#### Extracted information

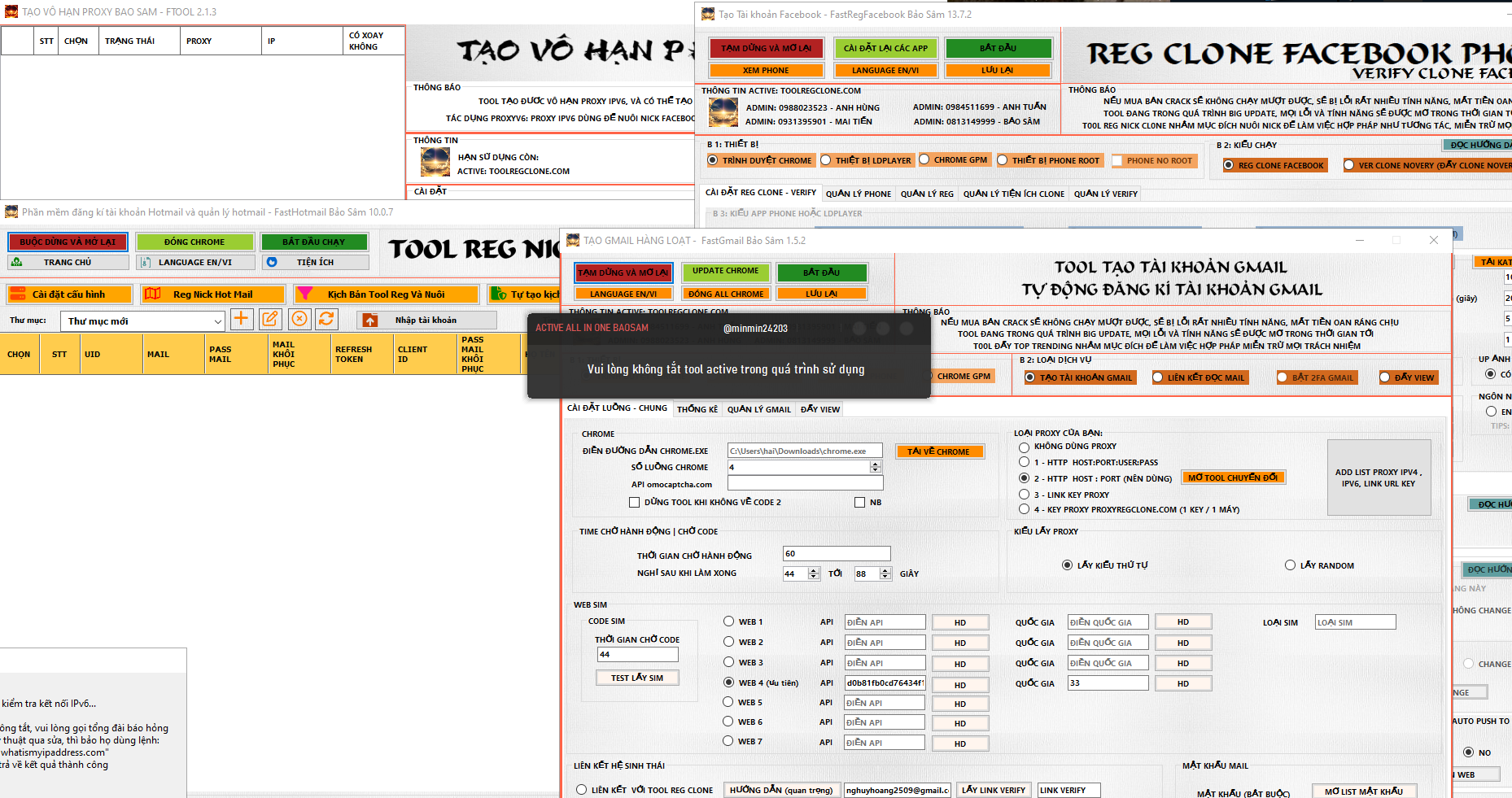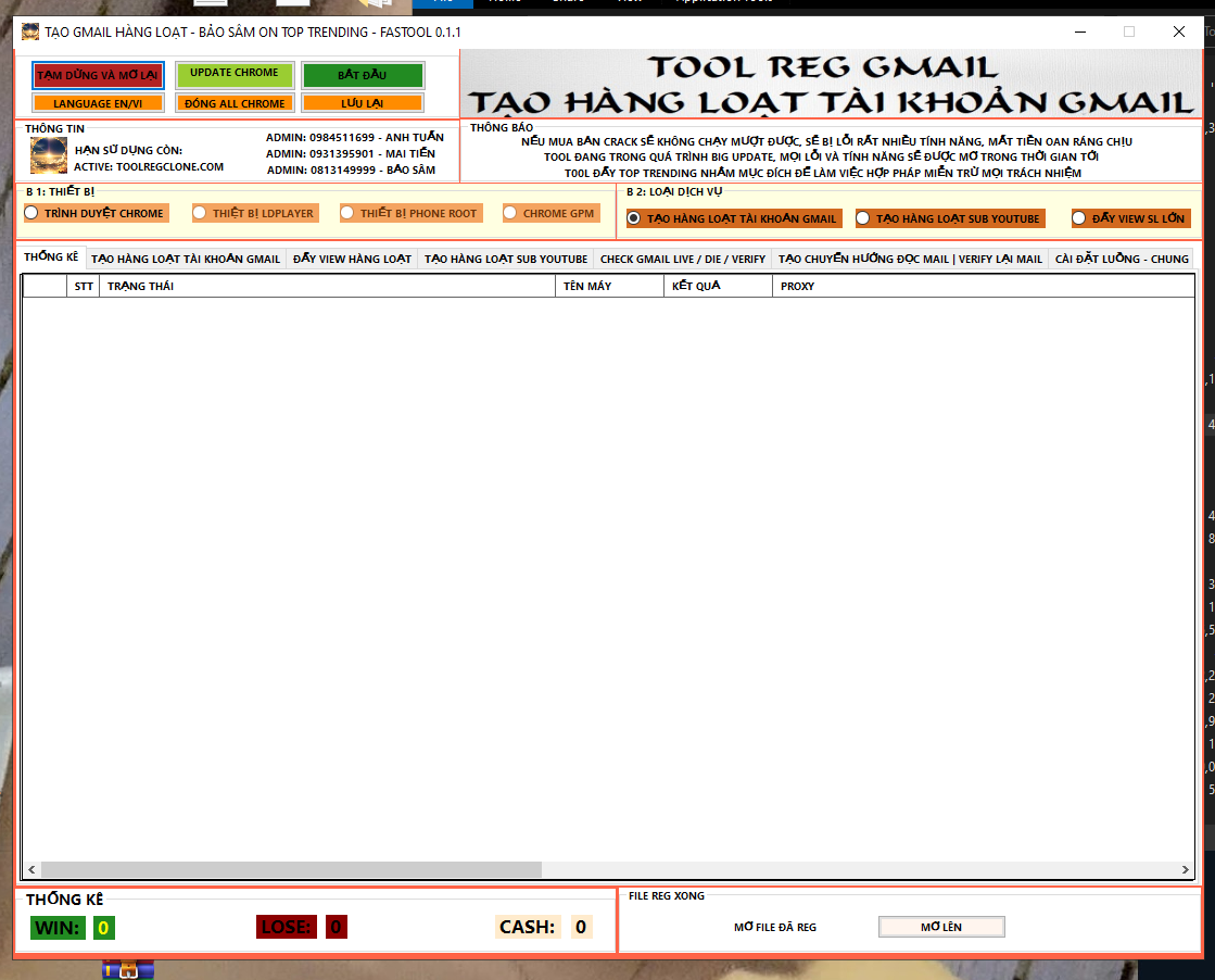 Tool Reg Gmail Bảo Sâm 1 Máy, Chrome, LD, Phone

########
#### Extracted information

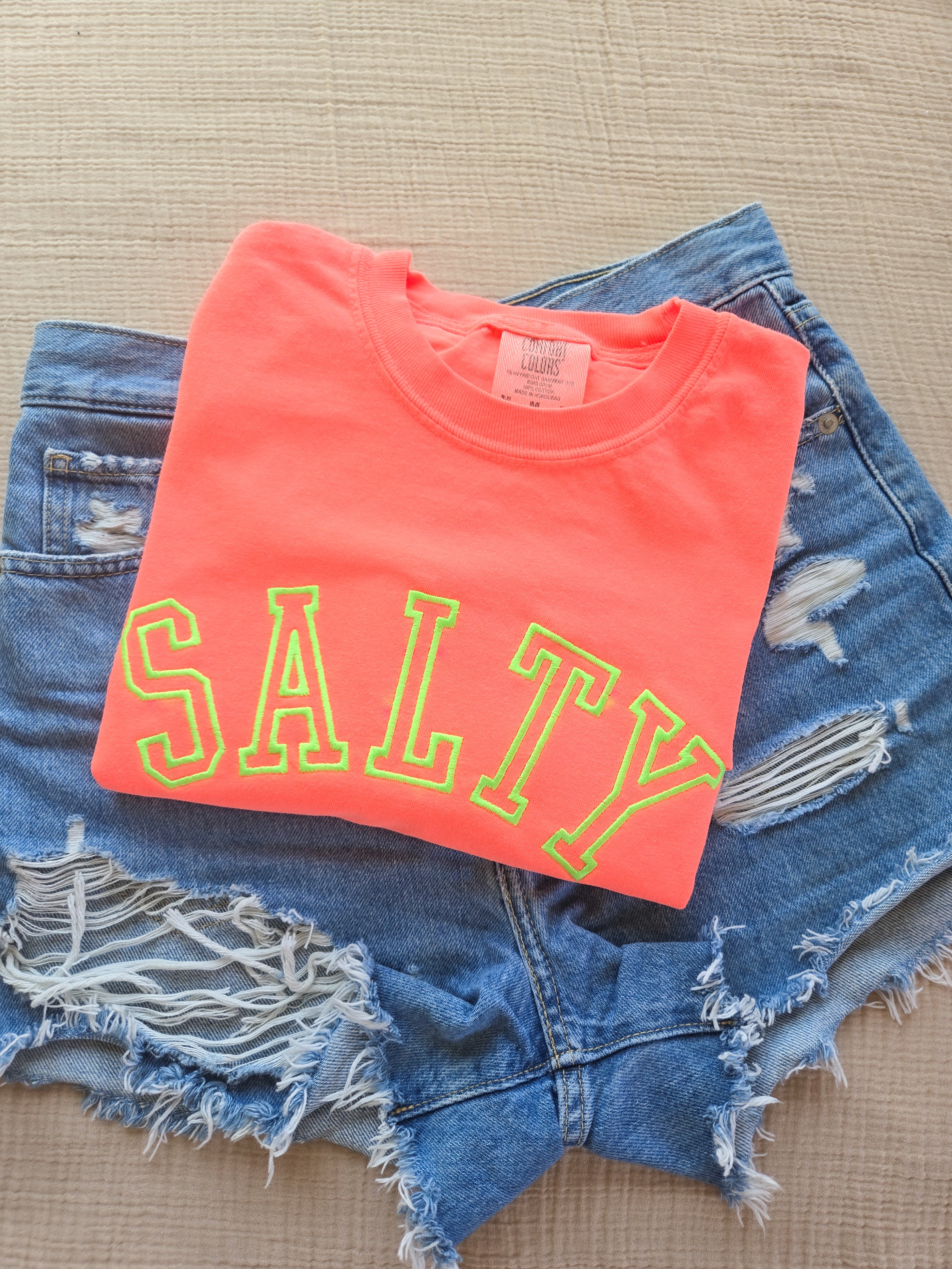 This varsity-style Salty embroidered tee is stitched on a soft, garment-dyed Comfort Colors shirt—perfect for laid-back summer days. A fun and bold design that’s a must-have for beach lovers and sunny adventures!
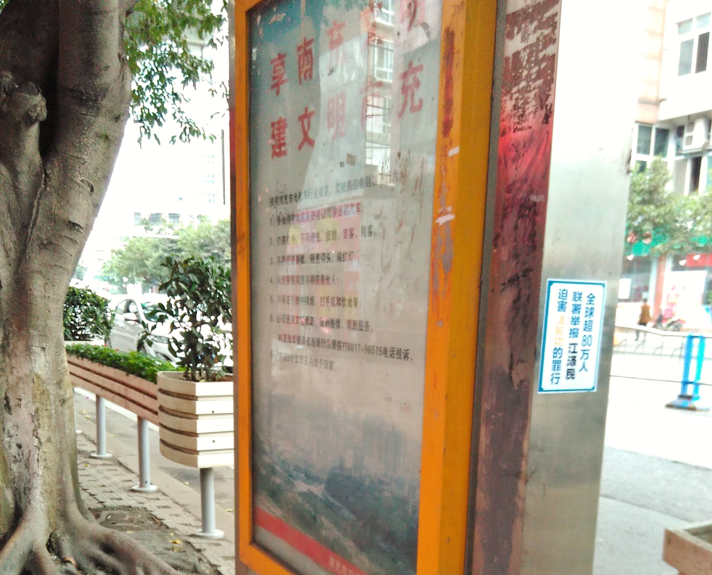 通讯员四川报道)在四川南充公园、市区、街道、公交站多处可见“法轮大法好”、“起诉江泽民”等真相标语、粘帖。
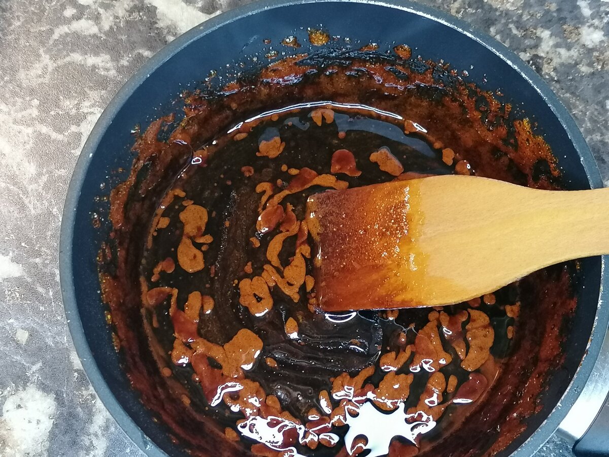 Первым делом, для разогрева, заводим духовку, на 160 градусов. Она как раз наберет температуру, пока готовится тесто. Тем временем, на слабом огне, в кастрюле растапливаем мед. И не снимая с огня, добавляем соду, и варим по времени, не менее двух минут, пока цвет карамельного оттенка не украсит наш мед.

########
#### Extracted information

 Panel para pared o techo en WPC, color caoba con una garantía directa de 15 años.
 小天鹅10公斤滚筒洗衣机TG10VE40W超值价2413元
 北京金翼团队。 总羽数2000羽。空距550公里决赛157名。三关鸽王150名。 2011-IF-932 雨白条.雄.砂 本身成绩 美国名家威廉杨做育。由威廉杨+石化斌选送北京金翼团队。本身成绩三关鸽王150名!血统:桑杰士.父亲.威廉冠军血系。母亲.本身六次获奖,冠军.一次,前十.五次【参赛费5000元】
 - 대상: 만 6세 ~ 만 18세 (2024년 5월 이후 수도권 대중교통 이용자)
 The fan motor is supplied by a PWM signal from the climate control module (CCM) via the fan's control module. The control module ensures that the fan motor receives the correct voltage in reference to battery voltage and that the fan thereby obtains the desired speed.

########

Task description
From the entries above, extract only the lines running from the one containing "北京金翼团队。 总羽数2000羽。空距550公里决赛157名。三关鸽王150名。 2011-IF-932" through the one containing "- 대상: 만 6세 ~", inclusive.

Finished task
 北京金翼团队。 总羽数2000羽。空距550公里决赛157名。三关鸽王150名。 2011-IF-932 雨白条.雄.砂 本身成绩 美国名家威廉杨做育。由威廉杨+石化斌选送北京金翼团队。本身成绩三关鸽王150名!血统:桑杰士.父亲.威廉冠军血系。母亲.本身六次获奖,冠军.一次,前十.五次【参赛费5000元】
 - 대상: 만 6세 ~ 만 18세 (2024년 5월 이후 수도권 대중교통 이용자)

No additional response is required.